The Libra white paper is signed by 53 people. Though senior Facebook executives such as CEO Mark Zuckerberg and blockchain lead David Marcus are notably absent from the author list, the team that wrote the document looks to be one of the most-heavy hitting in blockchain history.
The signatories hail from nearly every continent and include Ph.D. students from Stanford, computer science professors, and artificial intelligence (AI) developers.
- Christian Catalini: The MIT professor was one of the first to study the economics of cryptocurrency alongside crowdfunding and tokenization. Catalini has written extensively for the Harvard Business Review and other publications.
- Ben Maurer: Facebook’s infrastructure engineer graduated from Carnegie Mellon University with a degree in computer science. He and CMU assistant professor Luis von Ahn built the reCAPTCHA service that Google bought in 2009. He is leading the team that built the Move programming language.

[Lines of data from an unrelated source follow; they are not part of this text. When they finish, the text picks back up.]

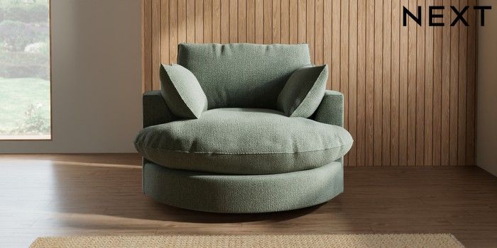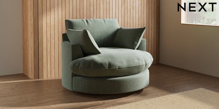 7.3.1 Buy Noa Deep Relaxed Sit Swivel Chair Chunky Texture Mid Forest Green Built In Foot/Leg Missing from the Next UK online shop Click here to use our accessible website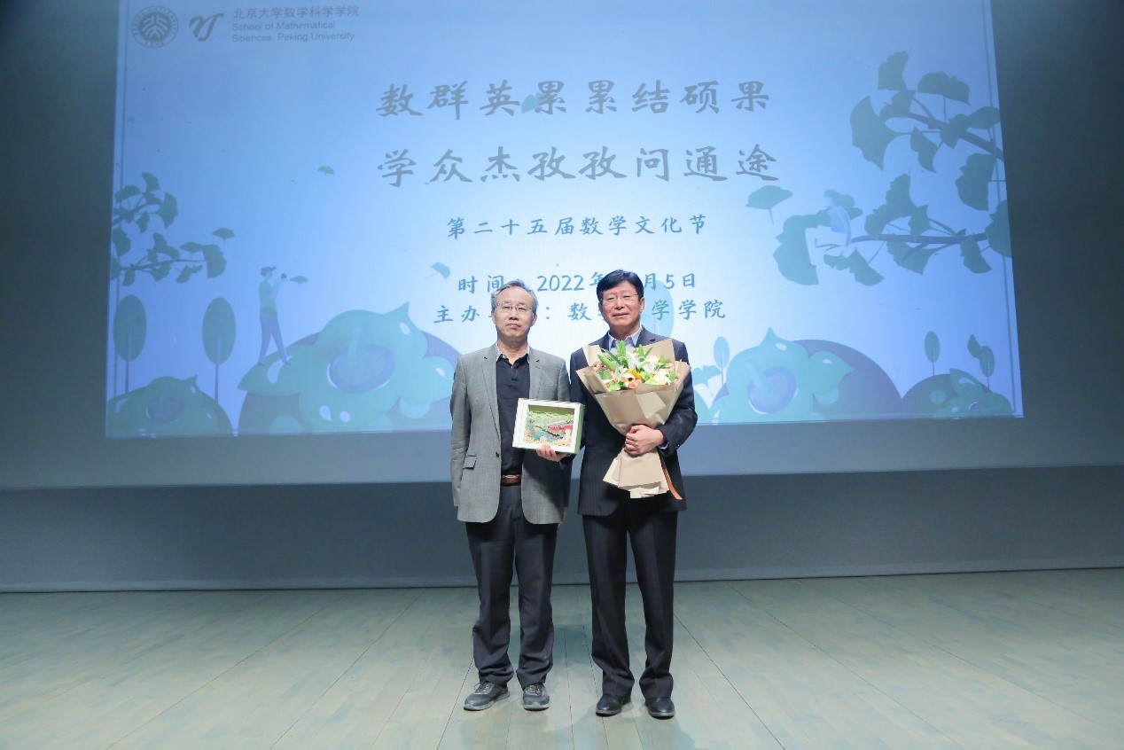 学生代表为张占海献上鲜花,陈大岳代表数学科学学院向张占海赠送北京大学文创纪念品。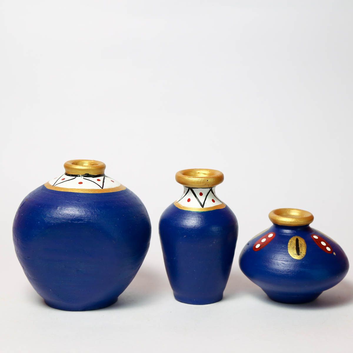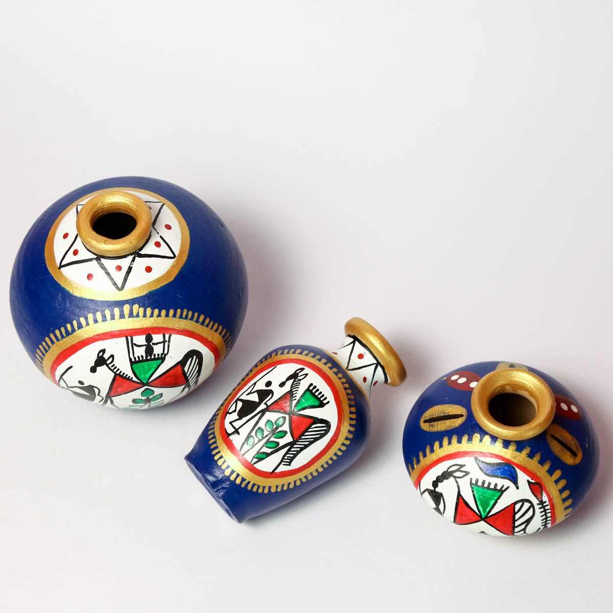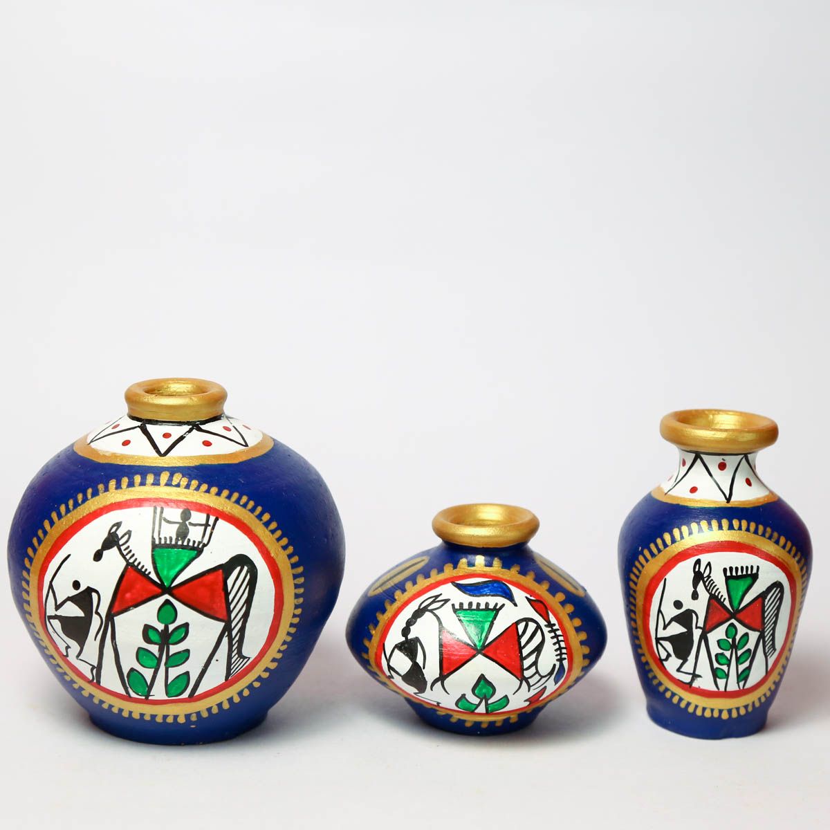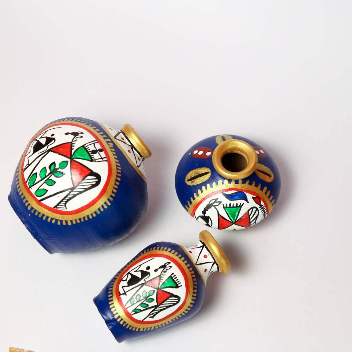 • Blue Warli Hand Painted Earthen Terracotta Pots (Set of 3 Pots)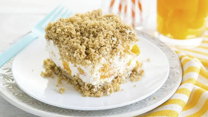 - When I was a kid, Grandma had a giant freezer in the back of her garage. One of those wide, industrial white ones, with a lid that lifted from the top. Whenever we’d visit her farm, while the adults settled in with lemonade on the back porch, we kids would sneak outside to see what was inside that big old freezer. There were always Creamsicles™. We’d peel away the paper wrapper to enjoy the sticky-sweet orange pops with a creamy layer of vanilla ice cream hidden inside. Sitting in the steaming heat of August at Grandma’s dusty farm, hidden away by the hay bales, we ate and made sweet memories, I can’t imagine a more refreshing retro flavor than classic Creamsicles™! Whether you snuck one from Grandma’s freezer, bought them from a roving ice cream man, or just love to buy boxes when they go on sale, there’s no denying the Creamsicle™ flavor combo is a total favorite. Which is why I decided to turn it into our favorite frozen crunch cake. On the heels of our famous Strawberry Crunch Cake, we decided it was high time there was a creamy orange version of this easy, freezy cake. Get ready for bright mandarins, folded into a sweet whippy center spiked with Orange Crème Yoplait™ yogurt and sandwiched between two layers of streusel. OMG—prepare to feel like a kid again. No lifting the top on Grandma’s giant freezer required! Slice and serve. And grab a fork, of course. Enjoy!
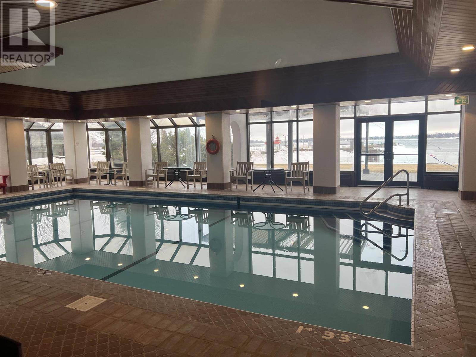 This waterfront condo building is located close to the marina, walking trails, Bellevue Park, shopping and all other amenities. There is an inviting pool, hot tub/whirlpool, common room, laundry facility, outside parking, elevators, security system and wheelchair accessible. This unit has been well maintained and updated including the bathroom, kitchen and some flooring. Easy carefree loving awaits you with nothing to do but move in. (id:64974)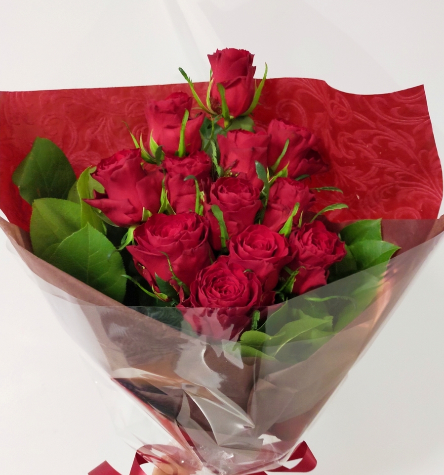 ①赤いバラの花束12本:結婚記念日のプレゼント・プロポーズに。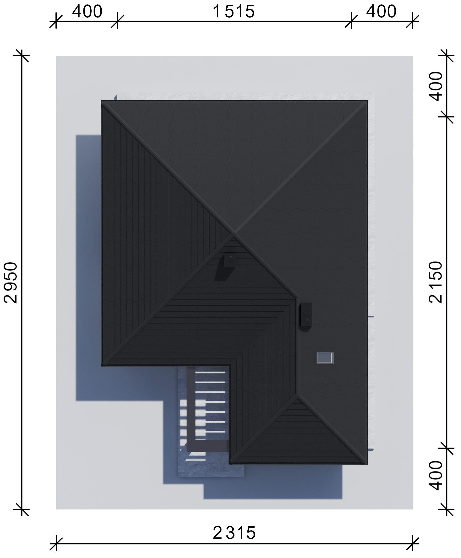 Graficzne opracowanie rzutów poglądowych widocznych na karcie projektu zostało wykonane przez Extradom.pl. Prezentowane przez Extradom.pl wizualizacje wykonane zostały przez autora projektu i należy poczytywać je jedynie za przykład i propozycję wykończenia, wizję architektoniczną autora projektu. Ostateczne wykończenie budynku może nastąpić na wiele sposobów. Szczegółowe rozwiązania zastosowane w oferowanej dokumentacji - w tym również ilość, lokalizacje i wygląd okien, drzwi, kominów - mogą w niewielkim stopniu różnić się od prezentowanej wizualizacji budynku.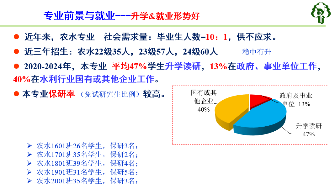近年来,社会对农业水利工程专业毕业生需求持续增加,社会需求量与毕业生人数比例持续保持在10:1以上,长期处于供不应求局面。本专业毕业生考研录取率平均达50%以上,就业质量和层次高,大部分毕业生进入水利、农业等机关事业单位、大中型国有企业、科研院所等单位,成为基层水利单位的骨干力量,受到用人单位的普遍好评和广泛赞誉。

- George Danezis: A privacy engineer at University College London, Danezis was one of the creators of Chainspace and the Coconut protocol upon which Libra is based. He is currently a researcher at Facebook after the company bought his startup in February 2019.
- François Garillot: A machine-learning and AI expert who worked at Swisscom and Skymind.ai, Garillot focuses on distributed AI.
- Ramnik Arora: Arora spent time as an analyst at Goldman Sachs Investment Strategy Group as well as at IV Capital as a quant. His background is in finance and he has a master’s in computer science from Stanford and an undergraduate degree in the mathematics of finance.
Zack Seward and John Biggs contributed reporting.